10. Configure CRI client crictl

cat <<EOF > /etc/crictl.yaml
runtime-endpoint: unix:///run/containerd/containerd.sock
image-endpoint: unix:///run/containerd/containerd.sock
timeout: 10
debug: false
EOF

Install Kubeadm(centos8 does not use yum source for centos7)

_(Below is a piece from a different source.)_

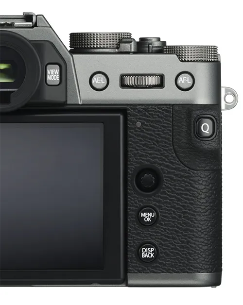 از جلو دوربین X-T30 شباهت بسیار زیادی به نسل قبلی خود یعنی X-T20 دارد اما طراحی بخش پشتی آن تغییرات زیادی کرده است. قبل از هرچیز فوجی ترجیح داده دکمههای D-Pad را حذف کرده و به جای آن یک جوی استیک کوچک در پشت X-T30 بگذارد. دکمه Q نیز جا به جا شده و اکنون دسترسی به آن سادهتر است. نمایشگر پشت دوربین هم حدود 10 درصد باریکتر از X-T20 شده است. درواقع این دوربین به شکل قابل توجهی از X-T3 کوچکتر است اما متاسفانه مقاومت در برابر شرایط هوایی مختلف در این دوربین وجود ندارد.

cat <<EOF > /etc/yum.repos.d/kubernetes.repo [kubernetes] name=Kubernetes baseurl=http://mirrors.aliyun.com/kubernetes/yum/repos/kubernetes-el7-x86_64 enabled=1 gpgcheck=0 repo_gpgcheck=0 gpgkey=http://mirrors.aliyun.com/kubernetes/yum/doc/yum-key.gpg http://mirrors.aliyun.com/kubernetes/yum/doc/rpm-package-key.gpg EOF # to delete the old version, # yum list -- showDuplicates # yum list -- showDuplicates # yum list -- showDuplicates # yum list -- showDuplicates # yum list -- showDuplicates Kubeadm --disableexcludes=kubernetes # Install kubeadm-1.17.17 kubectl-1.17.17 kubelet-1.17.17 # from lower class or lower class Systemctl enable kubelet. Service

12. Modify the Kubelet configuration

vi /etc/sysconfig/kubelet
KUBELET_EXTRA_ARGS= --cgroup-driver=systemd --container-runtime=remote --container-runtime-endpoint=/run/containerd/containerd.sock

13. Journal log related to avoid repeated log collection, waste of system resources (set according to personal needs)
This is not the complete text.